Virtualization administrators can use snapshots in vSphere to travel back in time and figure out what went wrong...

with their virtual machines (VMs). In part one of this series, I discussed how to use VMware snapshots. In part two, I explained how to delete snapshots without wasting disk space. But what do you do when your snapshots start acting funny? In this tip, we'll troubleshoot potential problems that may come up when using snapshots in vSphere.

Locating VMs that have snapshots
Finding out which VMs have snapshots can be challenging. In VMware Infrastructure 3, there wasn't a centralized, built-in way to accomplish this task in the vSphere Client or vCenter Server. You had to use methods, such as scripts and command-line utilities, that made locating snapshots difficult. But there were some enhancements in vSphere that made locating snapshots much easier. Here are a few of the methods that you can use.

Method 1: Find command
Use the find command in the ESX service console or ESXi Tech Support Mode

  1. Log in to the console.
  2. Change to your /vmfs/volumes/ directory.
  3. Type find -iname "*-delta.vmdk" -mtime +7 -ls to find snapshot files that have not been modified in seven days or simply find -iname "*-delta.vmdk" to find all snapshot files.

Method 2: Use the Storage View in vCenter Server
The Storage View, part of a new Storage Monitoring and Reporting plug-in that comes with vCenter Server, shows information related to storage in vSphere. When you select an object in the left pane of the vSphere Client, you can select the Storage View tab in the right pane and view storage information related to that object. One of the columns that you can view is Snapshot Space -- which is the total size of all snapshot-related files, including the -delta.vmdk, .vmsd and .vmsn files.

By selecting an object, such as Cluster or Datacenter, and sorting the Snapshot Space field, you can view the size of any VM snapshot that exists under that object. VMs that haven't had a snapshot will show 0 bytes. Once a snapshot of a VM is taken, it will still show a very small size (around 40 bytes), which is from the residual text left in the .vmsd file.

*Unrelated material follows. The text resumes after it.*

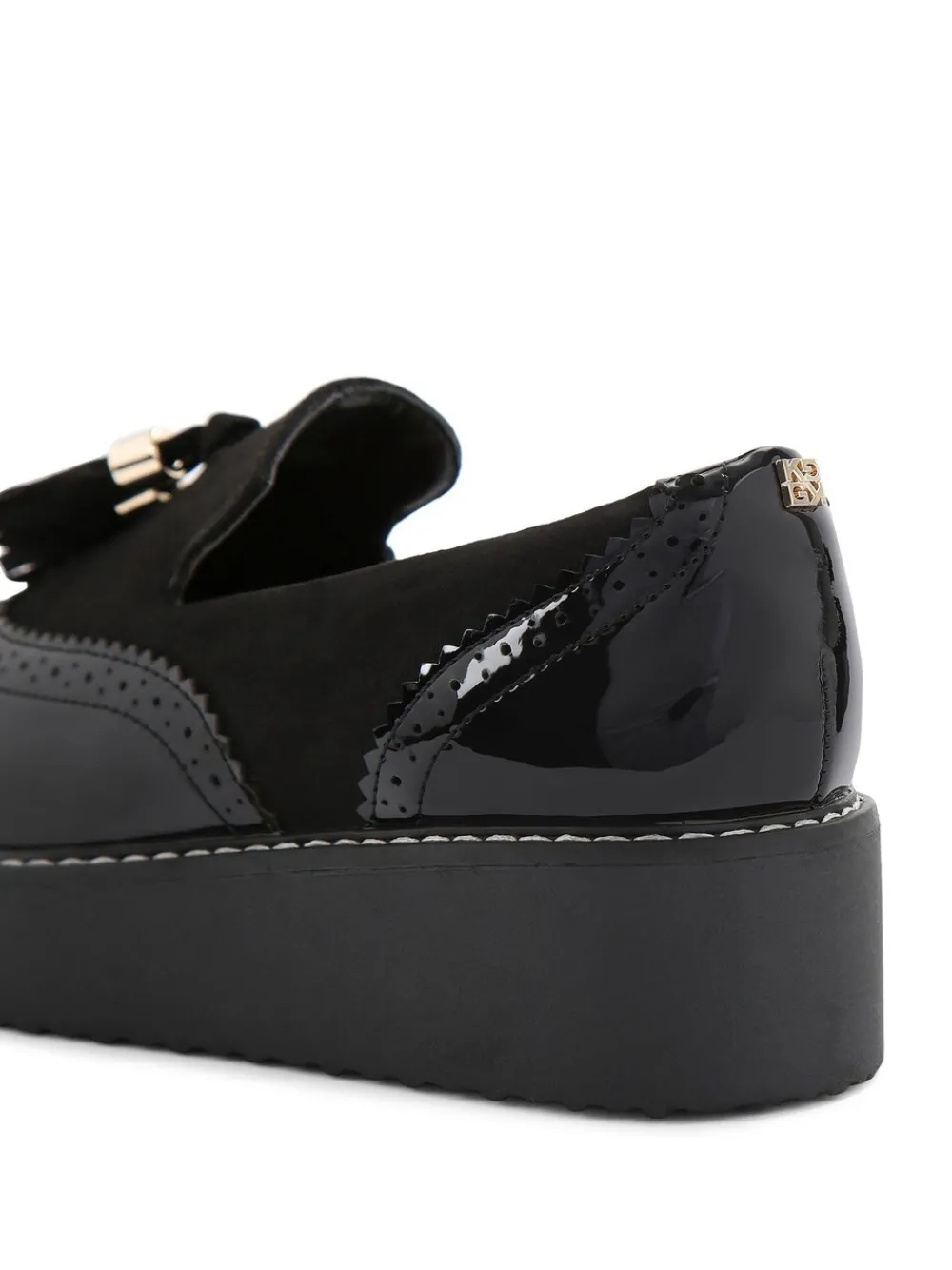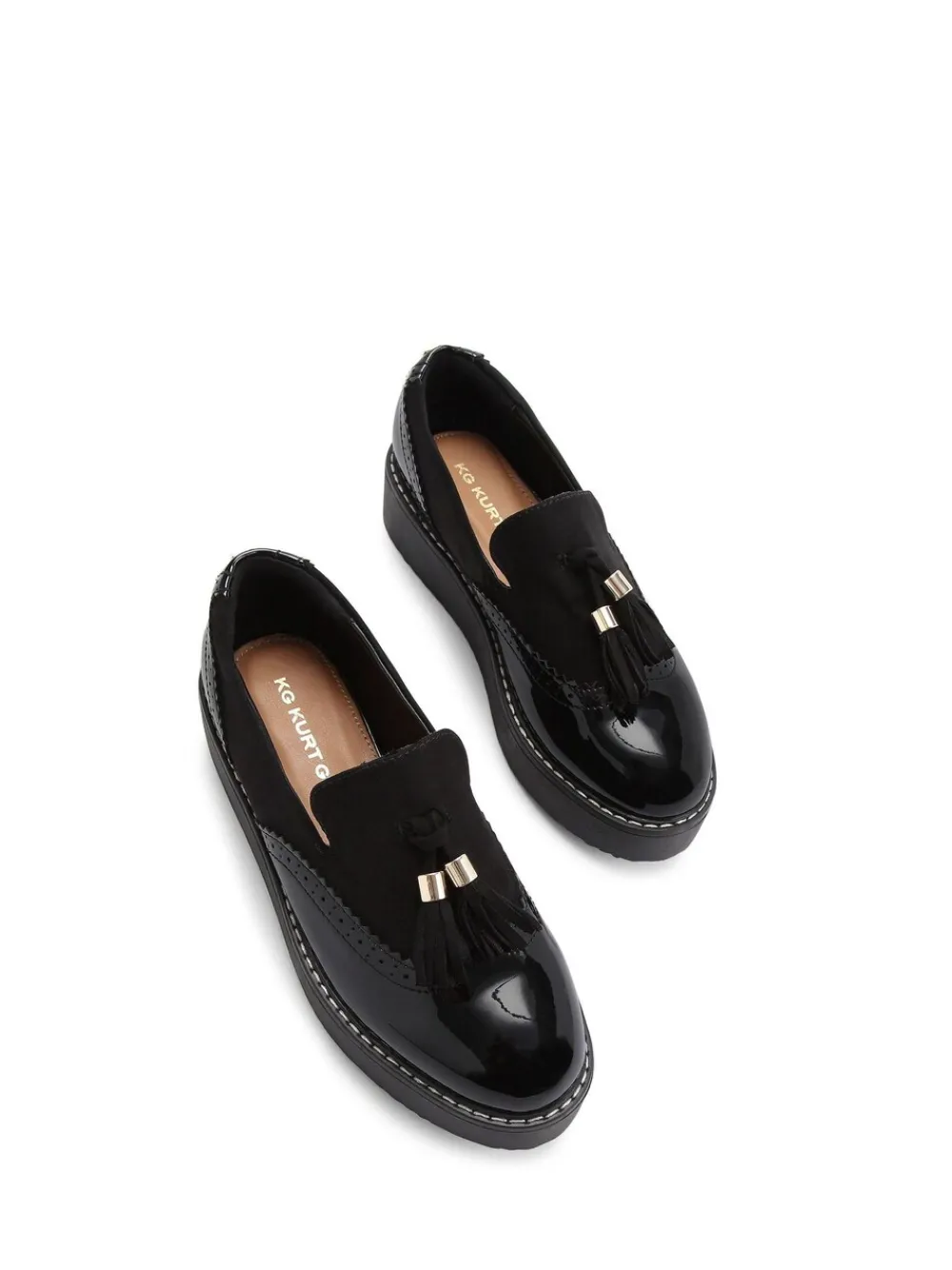 Deze KG Kurt Geiger More instapper heeft een moderne Lage schoenen stijl. Op de neus en hiel zit een lakdetail. Het voorpand is voorzien van kwastjes van microsuède. Hakhoogte 1,5 cm. Bovenwerk – 100% polyurethaan, voering. en sokken – 100% polycarbonaat. Zool – 100% rubber.

Method 3: Use alarms in vCenter Server
You can configure a vCenter Server alarm to trigger when a VM snapshot size reaches a predetermined gigabyte threshold. You can also set alarms at any virtualization level -- from a single VM to the top vCenter Server level. These alarms will keep you informed of snapshot growth, so you can take action, if needed.

Method 4: Use a PowerShell script
The Get-Snapshot command, part of vSphere PowerCLI, can query VM snapshot information. You can use it in scripts to produce reports on VMs that have active snapshots. There are several, free PowerShell scripts that you can download and run periodically, such as SnapReminder, yadr -- A vdisk reporter and Snapshot List. You can also set the scripts to run automatically.

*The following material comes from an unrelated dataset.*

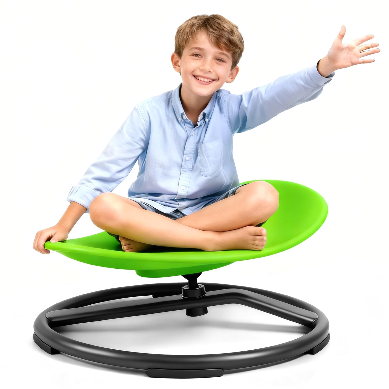 Product Description: Hey parents — if your kiddo is always on the move, spinning, or needing that extra sensory input to stay calm and focused, this sensory swivel chair is a total game-changer. Designed with help from pediatric occupational therapists, this spinning chair for autistic kids delivers gentle 360° vestibular motion that helps boost balance, coordination, focus, and even reduces motion sickness over time. Kids with ADHD or autism love it because it gives them the exact input their bodies crave — all through fun, joyful spinning. The multi-functional design lets them sit, kneel, or lie down and spin safely. Thickened edges keep little fingers protected, and the smooth rotation makes it their favorite calm-down spot or active play buddy — perfect for living rooms, backyards, or homeschool corners. We built it tougher than most with a thicker, stronger metal base and heavy-duty non-slip feet that grip any floor tight with zero wobble. It comfortably supports up to 220 lbs, so even bigger kids can enjoy it worry-free. Made from high-quality, heat-resistant eco-friendly PP material that’s easy to wipe clean and super durable for daily use. Super easy to assemble — clicks together in under 5 minutes — and lightweight enough to move from room to room or take outside whenever you want. More than just a toy, this sensory swivel chair is a thoughtful birthday or holiday gift that supports calmness and joyful engagement. If anything ever feels off, we’ve got your back — just message us and we’ll make it right with a quick exchange or refund. Let your child spin, play, and thrive. Watch them smile, regulate, and grow a little more confident every day. This is the sensory seat so many California families are raving about — give it a try and see the difference for yourself!
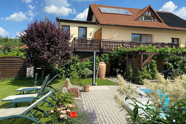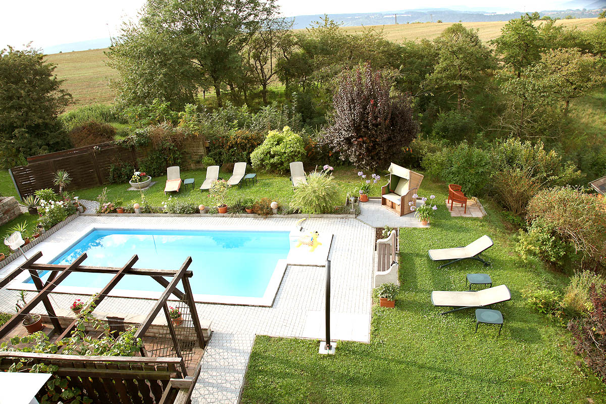 Ganz gleich, ob Sie als Geschäftsreisender, Arbeiter oder Urlauber sich in Jena aufhalten, als unser Gast genießen Sie alle Annehmlichkeiten einer zeitgemäßen Pension: von komfortabel ausgestatteten Zimmern bis zur Poolanlage mit Garten und Liegewiese. Dank unserer Lage bietet sich Ihnen ein einzigartiger Panoramablick auf Jena. 4 Doppelzimmer, 1 Einzelzimmer und 1 Ferienwohnung bieten Platz für bis zu 13 Personen. Unsere Zimmer sind ausgestattet mit bequemen Betten, Dusche/ WC, SAT-TV und Internet. In der Ferienwohnung befindet sich natürlich eine gut ausgestattete Küchenzeile.

Dealing with snapshots that don't delete properly
Occasionally, a snapshot will not delete properly, leaving an active snapshot for a VM. This situation can happen when using backup applications or deleting snapshots through Snapshot Manager. In most cases, the snapshot will not appear in the Snapshot Manager. The only indication that a snapshot may still exist is the presence of delta files in the VM's directory.

If you have a snapshot running that is not in Snapshot Manager, you can attempt to delete it in one of two ways. First, create a new snapshot using the vSphere Client and delete all snapshots from the snapshot manager after the new one has been created. Alternatively, use the ESX service console or vSphere CLI. Switch to the VM's home directory and create a new snapshot by typing vmware-cmd createsnapshot . Wait for the snapshot to be created and type vmware-cmd removesnapshots. When it completes, see if the delta files have been deleted. If they have, then it was successfully completed.

If the delta files weren't deleted, check the VMX file for the VM and locate the lines starting with scsi. If the VM is configured with only one virtual disk, it is usually scsi0:0. (If .present is false, it is a non-existent drive that you can ignore.) The .fileName should be using the original disk file that was created with the VM and it's usually the same name as your VM. If this is the case, then your VM is not using the snapshot files. If it has a -00000# in the filename, it is currently using a snapshot file.

To be clear, a VM with no snapshots displays the following: scsi0:0.present = "true" scsi0:0.fileName = "myvmname.vmdk". And a VM with snapshots will display the following: scsi0:0.present = "true" scsi0:0.fileName = "myvmname-000001.vmdk"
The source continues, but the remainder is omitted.